__Your task__: Nothing in the data should change when you return it, but leave the pictures out.

__Data provided__:
——

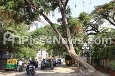 Event Description : A tree is found tilting and dangerous, the residents of Millers Tank bund Road, have given the support of a stone for the tree and expect the concerned department to take action before the rainy season starts, in Bengaluru on Tuesday 14th May 2019
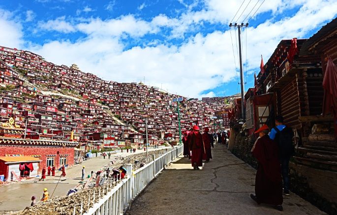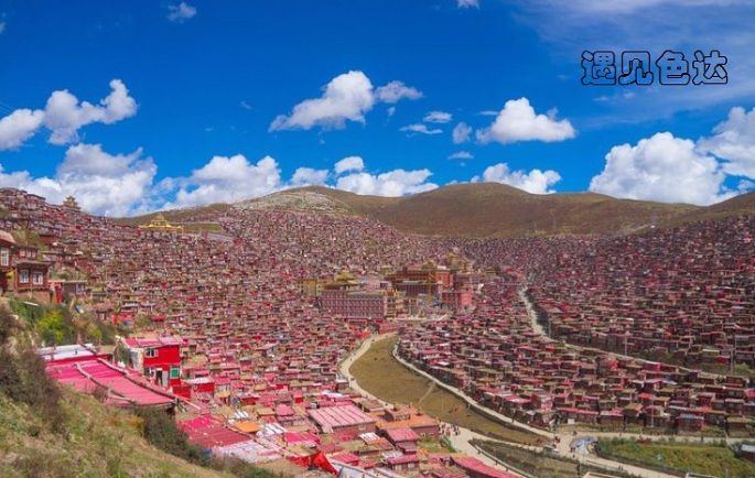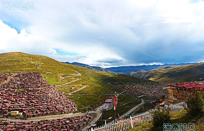 来色达,主要奔的就是那尘世之外的佛国世界—据说是世上最大的藏传佛学院---色达喇荣五明佛学院。色达县城到五明佛学院45分左右车程,可以在坐公交车4元,也可以到金马广场拼车前往,7元到10元不等。
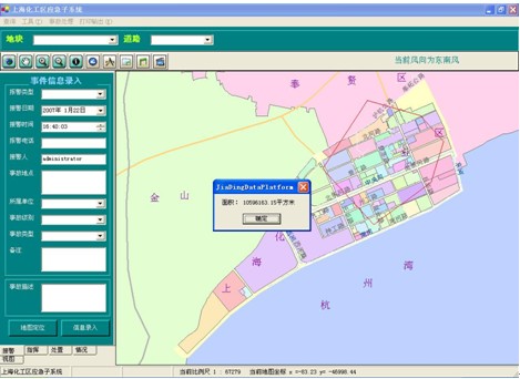 1 接警:接警系统供应急办接警人员使用。当接到新的警情,使用人员按照系统里列出的栏目将相关信息一一填入,并根据报警人员的描述,在地图上标示出事故发生地,点击“信息录入”按钮后系统将这些信息自动发送至各单位,各单位通过获取的信息进行出警任务的布置。

——

__Your response__:
 Event Description : A tree is found tilting and dangerous, the residents of Millers Tank bund Road, have given the support of a stone for the tree and expect the concerned department to take action before the rainy season starts, in Bengaluru on Tuesday 14th May 2019
 来色达,主要奔的就是那尘世之外的佛国世界—据说是世上最大的藏传佛学院---色达喇荣五明佛学院。色达县城到五明佛学院45分左右车程,可以在坐公交车4元,也可以到金马广场拼车前往,7元到10元不等。
 1 接警:接警系统供应急办接警人员使用。当接到新的警情,使用人员按照系统里列出的栏目将相关信息一一填入,并根据报警人员的描述,在地图上标示出事故发生地,点击“信息录入”按钮后系统将这些信息自动发送至各单位,各单位通过获取的信息进行出警任务的布置。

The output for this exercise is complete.